Just completed a mailbox mod for my MES 30 and thought I would test it out with smoking some cheese. I have never smoked cheese before so I smoked a little bit of swiss, cheddar, and moneray jack for 2 hours.  However, after the smoke the cheese had a sort of strange smell, which I could not identify.  It was not really like smoke smell and the cheese had a bitter taste right out of the smoker.  During the smoke the smoke seemed to be light TBS.  The AMNPS was loaded with Premium SmoknPellets (Hickory, Cherry, Hard Maple, Apple).

The mailbox I used was removed from service of several years and I wondering of all the junk mail over the years could have tainted the cheese?  Seriously, I have not heard mention of cleaning the mailbox or ducting prior to use.  The MES has done several smokes so it is well seasoned.  I think I read that freshly smoked cheese will have a bitter taste.  Is that true?  Maybe there is nothing wrong.
I hope I got the pic added correctly showing the mod.


----------



## litterbug (May 20, 2016)

The hardest part of smoking cheese is letting it age for a couple of weeks.  This will let it mellow in flavor so it doesn't have the ashtray taste.

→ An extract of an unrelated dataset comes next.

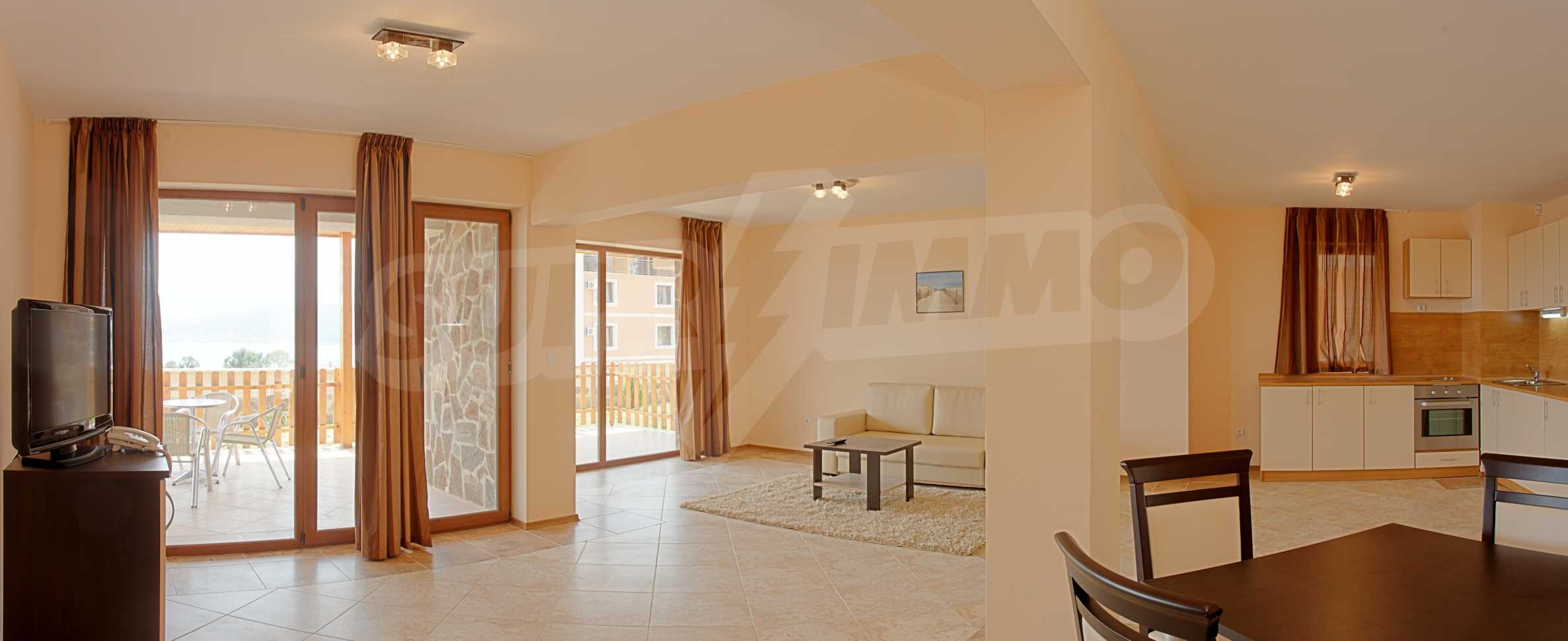 - Партерът се състои от голям хол, кухня, камина, баня с тоалетна, пред къщата има голяма веранда с изглед към морето.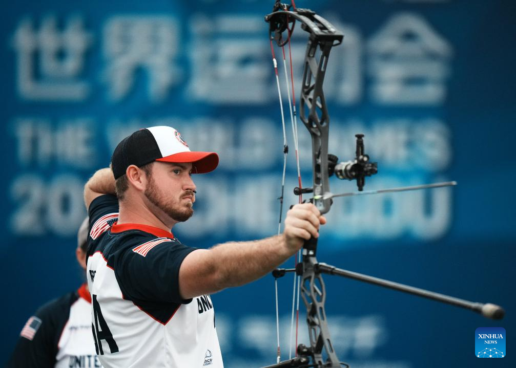 Curtis Lee Broadnax of the United States competes during the mixed team compound bronze medal match between the United States and South Korea of Target Archery event at the World Games 2025 in Chengdu, southwest China's Sichuan Province, Aug. 8, 2025. (Xinhua/Li Jianan)

The longer you are able to let it age, the better it will get.


----------



## mr t 59874 (May 20, 2016)

Welcome to the forum.

Pictures would definitely help. There could be one or more reasons you are not able to enjoy your cheese immediately.

Regardless the equipment you are using, if you are getting a bitter taste, it is over smoked. Take the time now to learn how to smoke one type of cheese to your liking before smoking several different types.

T


----------